** WORK INSTRUCTIONS **
Word for word, restate the data that follows, omitting the images.

──────── SUPPLIED ENTRIES ────────

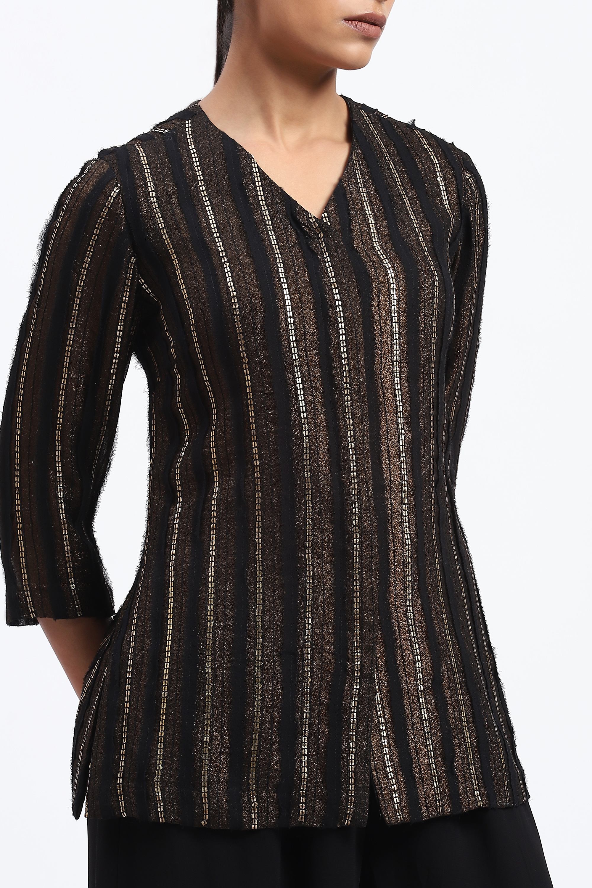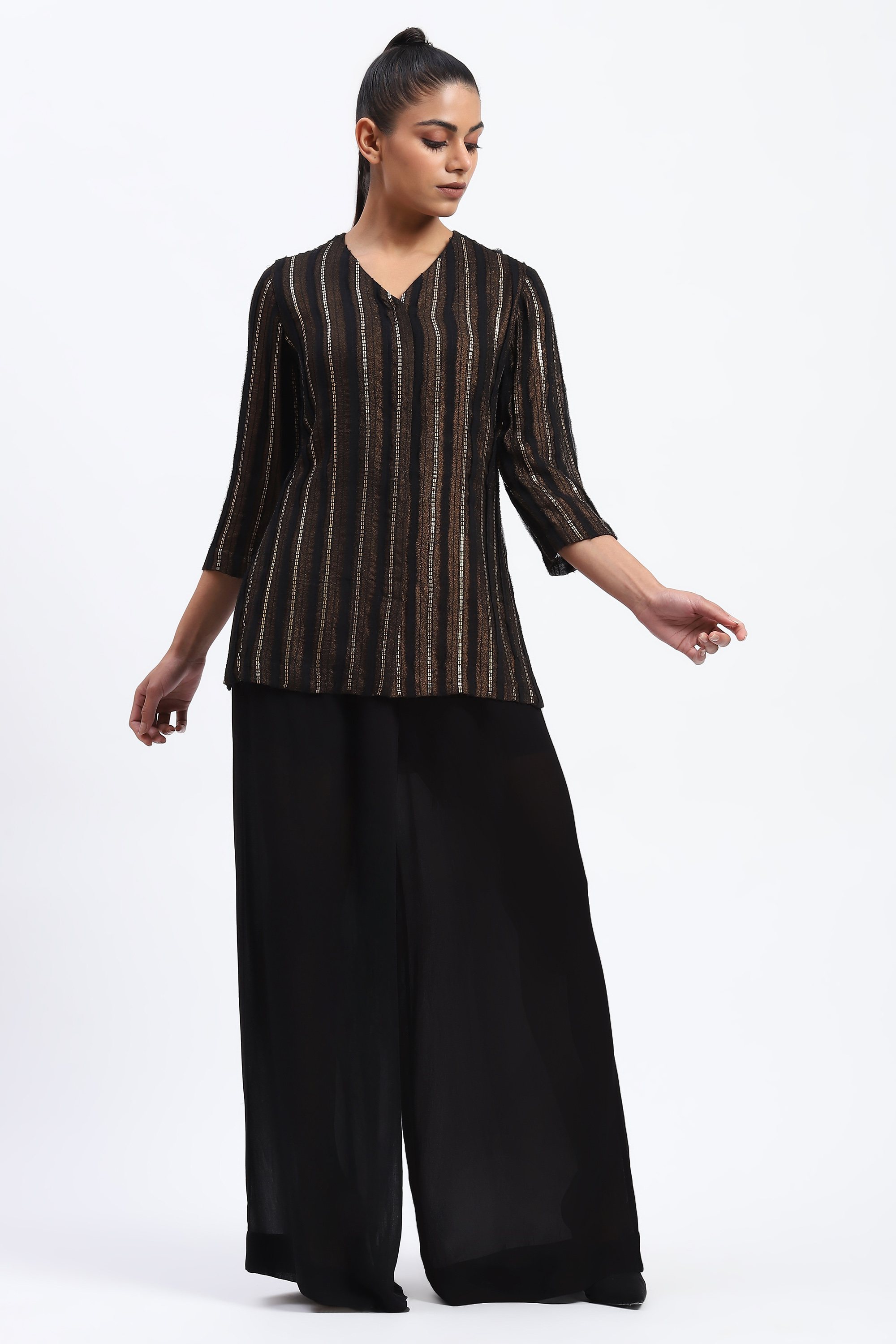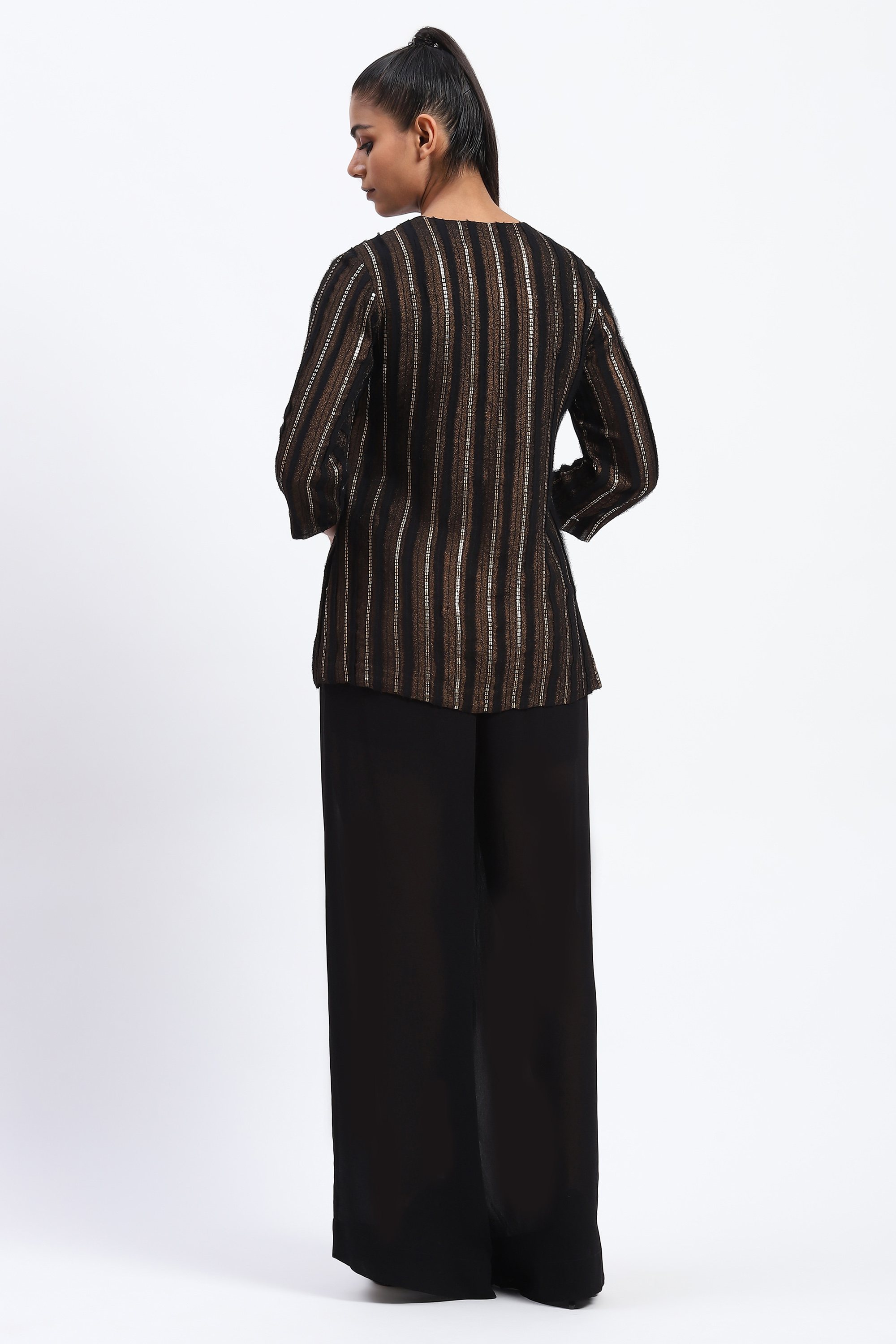 This limited edition piece has been made using a metallic gold printed georgette appliqued with hand cut georgette strips and gold sequins for evening glamour.
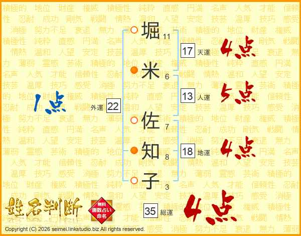 堀米佐知子さんの総運は35画の4点!
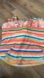 Time and Tru Orange Pink White Blue Striped Ruched Ruffle Tankini Swimsuit Top
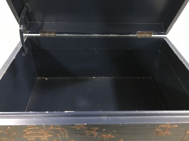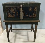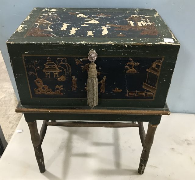 Decorative Oriental Hand Painted Box with Stand, lift top, one piece, has paint chips on finish, 25"h., 18"w., 13"d. Decorative Oriental Hand Painted Box with Stand, lift top, one piece, has paint chips on finish, 25"h., 18"w., 13"d.
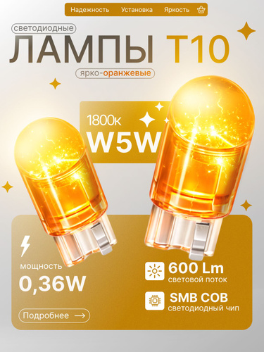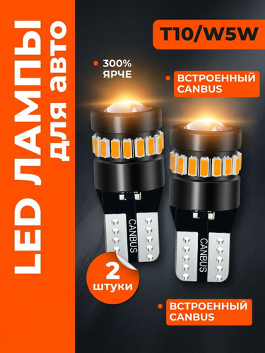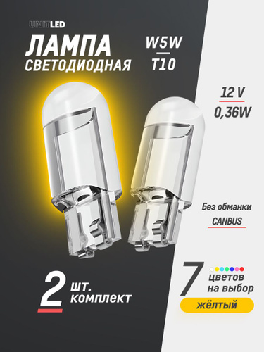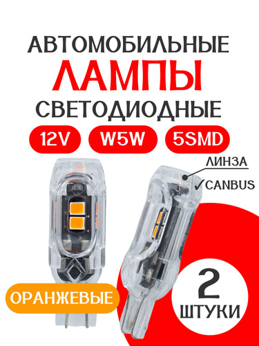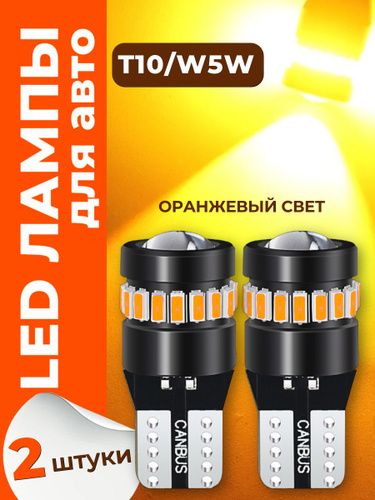 Лампа автомобильная W5W, T10 светодиодная, оранжевый (желтый) свет, 2 шт в габариты, дхо, подсветку салона/багажника/номеров/дверей/салона
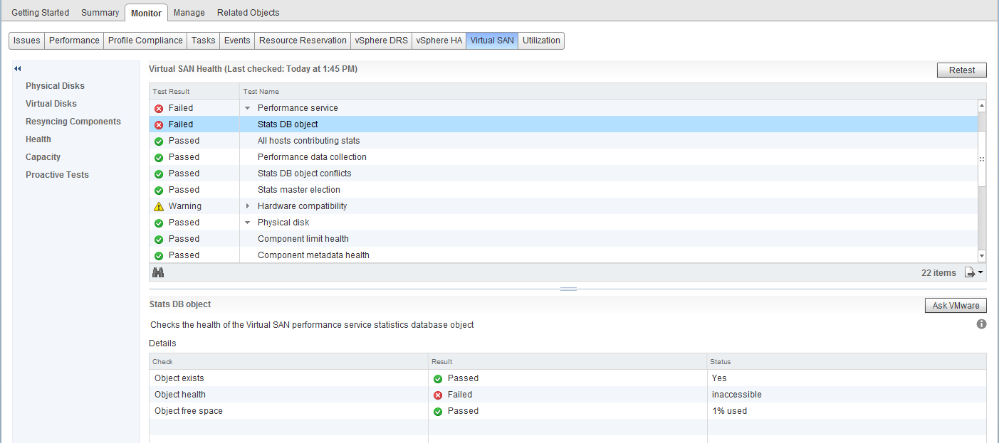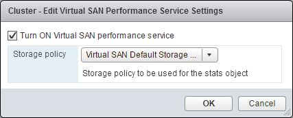 We mentioned already that the stats DB is created on the VSAN datastore. Therefore it may have a VM Storage Policy associated with it for high availability. When the performance service is enabled, the administrator is asked to choose a policy for the stats DB object. By default, the default VSAN policy is chosen, which provides Number of Failures To Tolerate = 1. So even if there is a host failure, the stats collection will continue.
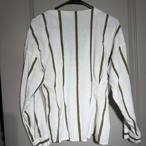 ZARA Linen Blend Striped Button Front Blouse | Oversized Fit | Size S
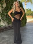 Μάξι μαύρο δαντελένιο φόρεμα με see through
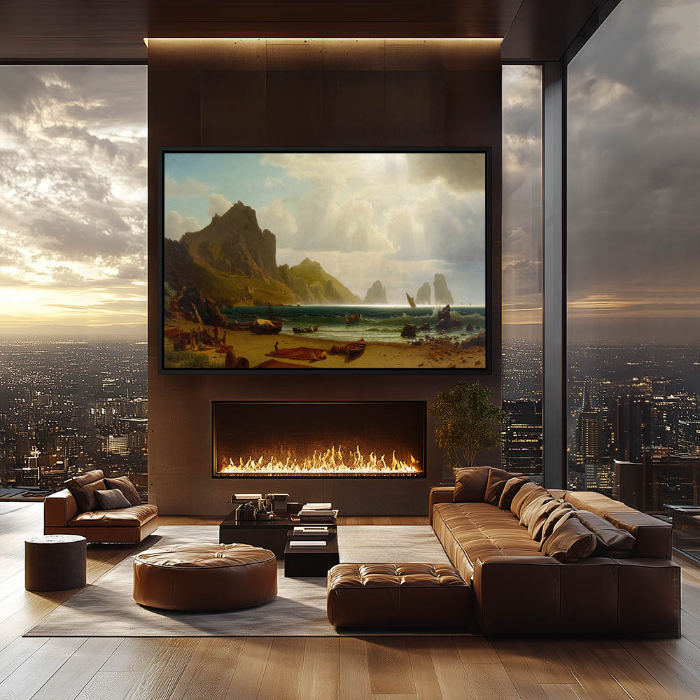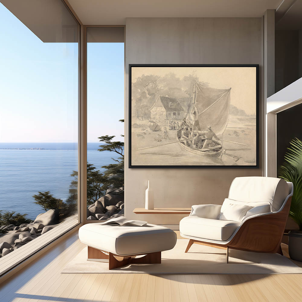 Danish Fishermen coming ashore with family waiting to greet them on the beach, A boy and dog wade out into the water
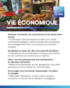 ➡️ BIEN S’ÉPANOUIR AU CRÈS : VIE ECONOMIQUEPar Agir pour le Crès / 28 février 2026 ✅ Soutenir l’artisanat, les commerces et les savoir-faire locaux ✅ Dynamiser le cœur de ville et le marché dominical ✅ Faire vivre la commune par des événements et des lieux attractifs ✅ Encourager une économie responsable, circulaire et durable Facebook Twitter
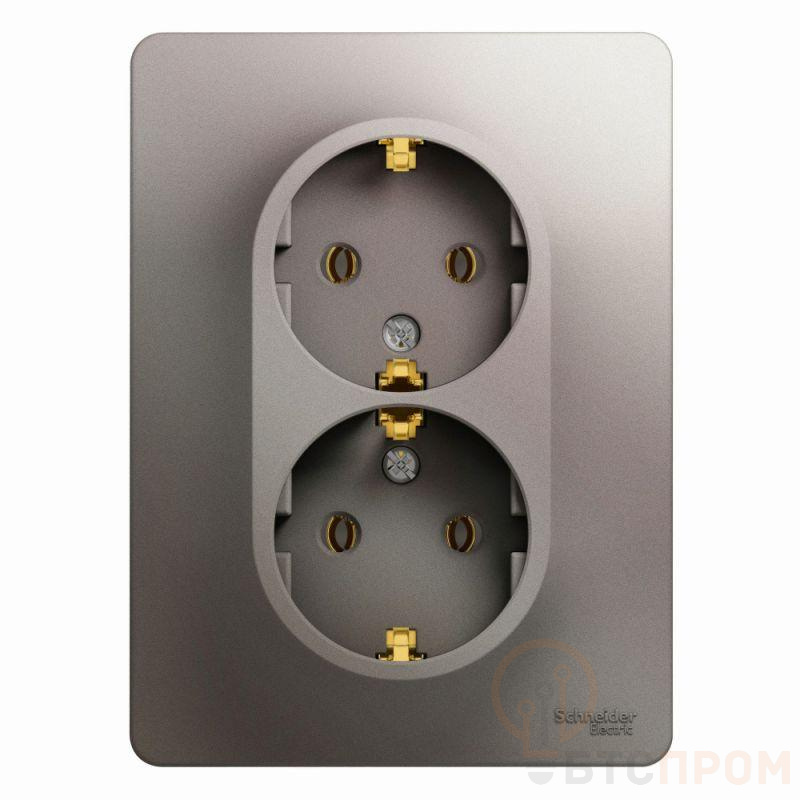 Розетка двойная Systeme Electric (ранее Schneider Electric) серии Glossa (в сборе, цвет платина) с заземлением, без шторок подходит для сетей 250 В, на ток 16 А. - Заземляющий контакт обеспечивает дополнительную защиту от удара электрическим током. При наличии заземления электрический потенциал уходит в землю, защищая человека. - Выполнен из материала PС+ASA, стойкого к УФ-излучению и появлению царапин. - Двойная розетка позволяет подключить два устройства в одном месте.

────────

** SOLUTION BELOW **
 This limited edition piece has been made using a metallic gold printed georgette appliqued with hand cut georgette strips and gold sequins for evening glamour.
 堀米佐知子さんの総運は35画の4点!
 Time and Tru Orange Pink White Blue Striped Ruched Ruffle Tankini Swimsuit Top
 Decorative Oriental Hand Painted Box with Stand, lift top, one piece, has paint chips on finish, 25"h., 18"w., 13"d. Decorative Oriental Hand Painted Box with Stand, lift top, one piece, has paint chips on finish, 25"h., 18"w., 13"d.
 Лампа автомобильная W5W, T10 светодиодная, оранжевый (желтый) свет, 2 шт в габариты, дхо, подсветку салона/багажника/номеров/дверей/салона
 We mentioned already that the stats DB is created on the VSAN datastore. Therefore it may have a VM Storage Policy associated with it for high availability. When the performance service is enabled, the administrator is asked to choose a policy for the stats DB object. By default, the default VSAN policy is chosen, which provides Number of Failures To Tolerate = 1. So even if there is a host failure, the stats collection will continue.
 ZARA Linen Blend Striped Button Front Blouse | Oversized Fit | Size S
 Μάξι μαύρο δαντελένιο φόρεμα με see through
 Danish Fishermen coming ashore with family waiting to greet them on the beach, A boy and dog wade out into the water
 ➡️ BIEN S’ÉPANOUIR AU CRÈS : VIE ECONOMIQUEPar Agir pour le Crès / 28 février 2026 ✅ Soutenir l’artisanat, les commerces et les savoir-faire locaux ✅ Dynamiser le cœur de ville et le marché dominical ✅ Faire vivre la commune par des événements et des lieux attractifs ✅ Encourager une économie responsable, circulaire et durable Facebook Twitter
 Розетка двойная Systeme Electric (ранее Schneider Electric) серии Glossa (в сборе, цвет платина) с заземлением, без шторок подходит для сетей 250 В, на ток 16 А. - Заземляющий контакт обеспечивает дополнительную защиту от удара электрическим током. При наличии заземления электрический потенциал уходит в землю, защищая человека. - Выполнен из материала PС+ASA, стойкого к УФ-излучению и появлению царапин. - Двойная розетка позволяет подключить два устройства в одном месте.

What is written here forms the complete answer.